The “Why does Bootstrap have nav and nav-stacked as different classes?” was original posted on stackoverflow. You could ask the same for the .btn
and .btn-*
classes or the .navbar
classes and many other classes in Bootstrap’s Less code.
In short: CSS size (there’re hundreds of such specific-class/base-class tiers so if each .btn-sm would inherit its .btn stuff even via extend, the size of the resulting CSS increases dramatically. Now counting that there was no extend when Bootstrap started, so each sub-class would have to copy the properties, the resulting CSS size becomes just unexpectedly enormous (literally tens-to-hundreds times larger then it is now)). Other reasons may exist as well. – seven-phases-max
I think @seven-phases-max is right in the above comment.

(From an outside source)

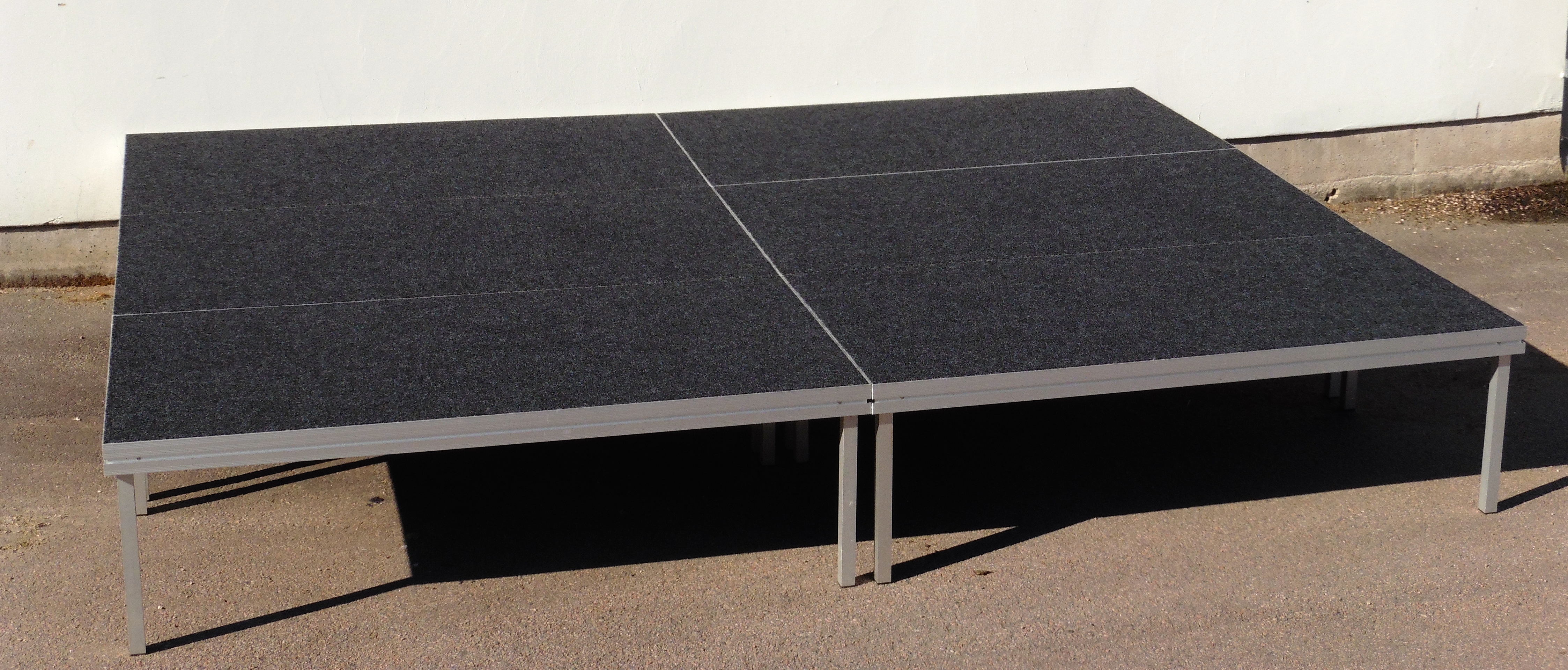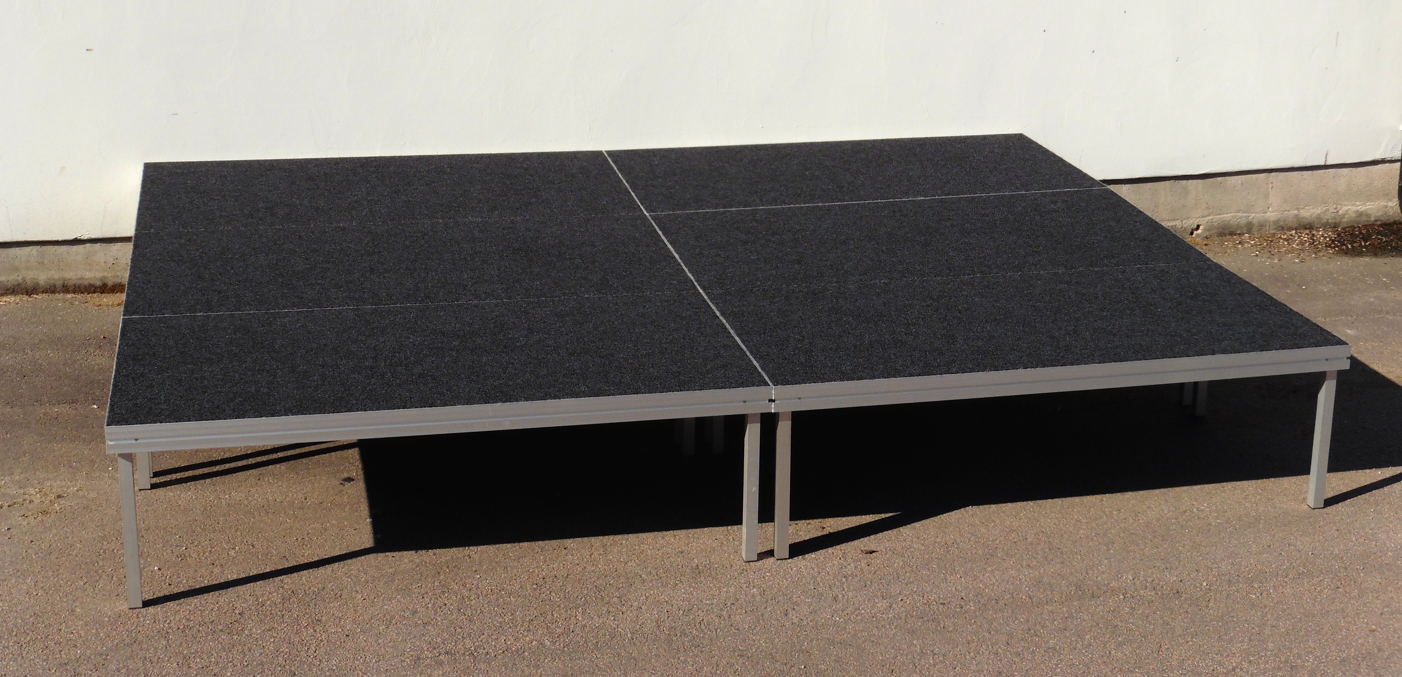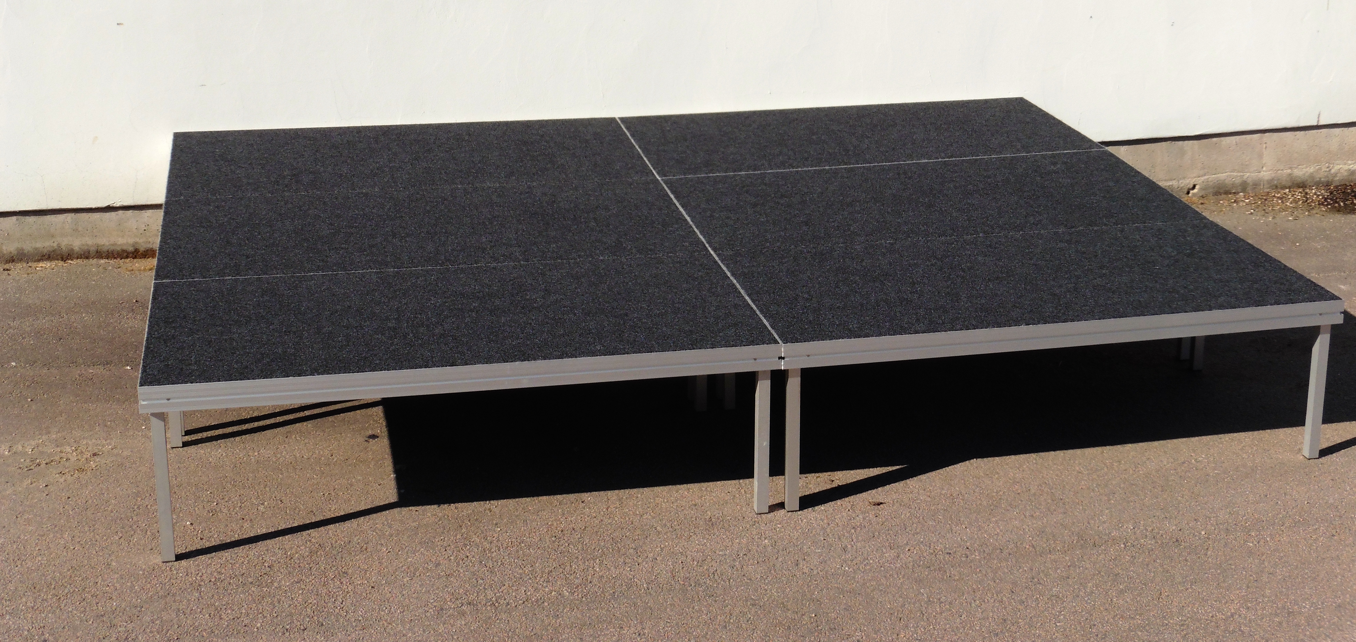 Podierna kan beläggas med olika typer av mattor. Nålfilt, gummi eller PVC. Antingen i plattor, vilka lägges på och punkttejpas, eller helt integrerade och hellimmade i podierna.

When you extend the same class many time the selector list become relative long:
Example:
.btn { border: 1px solid; } .btn-small:extend(.btn){}; .btn-medium:extend(.btn){}; .btn-large:extend(.btn){};
The above Less code compile in to .btn,
.btn-small, .btn-medium, .btn-large { border: 1px solid; }
In the preceding the long (and growing) list is: .btn-small, .btn-medium, .btn-large
.
The “best” (or most logic way) to solve the above seems to use a using attribute selectors as follows:
[class^="btn-"], [class*=" btn-"] { border: 1px solid; }
Bootstrap does not use attribute selectors because of performance issues, see also: https://github.com/twbs/bootstrap/issues/10332. Read also http://benfrain.com/css-performance-revisited-selectors-bloat-expensive-styles/
Because of attribute selectors are not allowed, using base classes seems to be the way to prevent the selector list grows to set only a small amount of shared properties.